Average Bean common mosaic virus (BCMV) antigen levels in parental lines and F₂ plants grouped by eIF4E genotype. In two experiments, A and B, plants were inoculated with BCMV strain NL1 and analysed by BCMV enzyme‐linked immunosorbent assay (ELISA) of the top leaves at 6 weeks post‐inoculation (wpi). Dark columns show the average BCMV antigen levels and the bars on top indicate the standard deviation within each group. The ELISA control (CON, white column) is the average of two non‐inoculated plants of USCR8. The PveIF4E genotype was determined by application of the RsaI cleaved amplified polymorphic sequence (CAPS) marker, and plants were grouped into homozygous PveIF4E¹ (4E¹/4E¹), homozygous PveIF4E² (4E²/4E²) and heterozygous (4E¹/4E²) plants. The number of plants in each group is indicated.

Figure 4

Average Bean common mosaic virus (BCMV) absorbance ratios in parental genotypes, F₂ plants homozygous for PveIF4E² (4E²/4E²) and F₃ plants derived from 4E²/4E² F₂ plants. (A) 4E²/4E² F₂ individuals (dark columns) and parental USCR8 plants (USCR8, grey columns) from experiments 1 and 2 are divided into enzyme‐linked immunosorbent assay (ELISA)‐positive (+) and ELISA‐negative (–) groups and compared with parental cultivar Dubbele Witte (DW) (all‐susceptible, grey column). (B) F₃ plants (dark columns) derived from ELISA‐positive (+) and ELISA‐negative (‐) 4E²/4E² F₂ (F₂+ and F₂–, respectively) plants were inoculated with BCMV strain NL1 and analysed by BCMV ELISA of the top leaves at 6 weeks post‐inoculation (wpi).
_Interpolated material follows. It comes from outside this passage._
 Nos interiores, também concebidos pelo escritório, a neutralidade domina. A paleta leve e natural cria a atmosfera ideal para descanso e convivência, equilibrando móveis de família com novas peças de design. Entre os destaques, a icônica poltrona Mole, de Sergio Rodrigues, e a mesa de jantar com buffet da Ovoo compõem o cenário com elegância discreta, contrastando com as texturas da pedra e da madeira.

F₃ plants within each group were subdivided into ELISA positive (+) and ELISA negative (–) on the basis of the absorbance ratio. Columns show the absorbance ratios and the bars on top indicate the standard deviation within each group. The ELISA control (CON, white column) is the average of two non‐inoculated plants of USCR8. The number of plants in each group is indicated.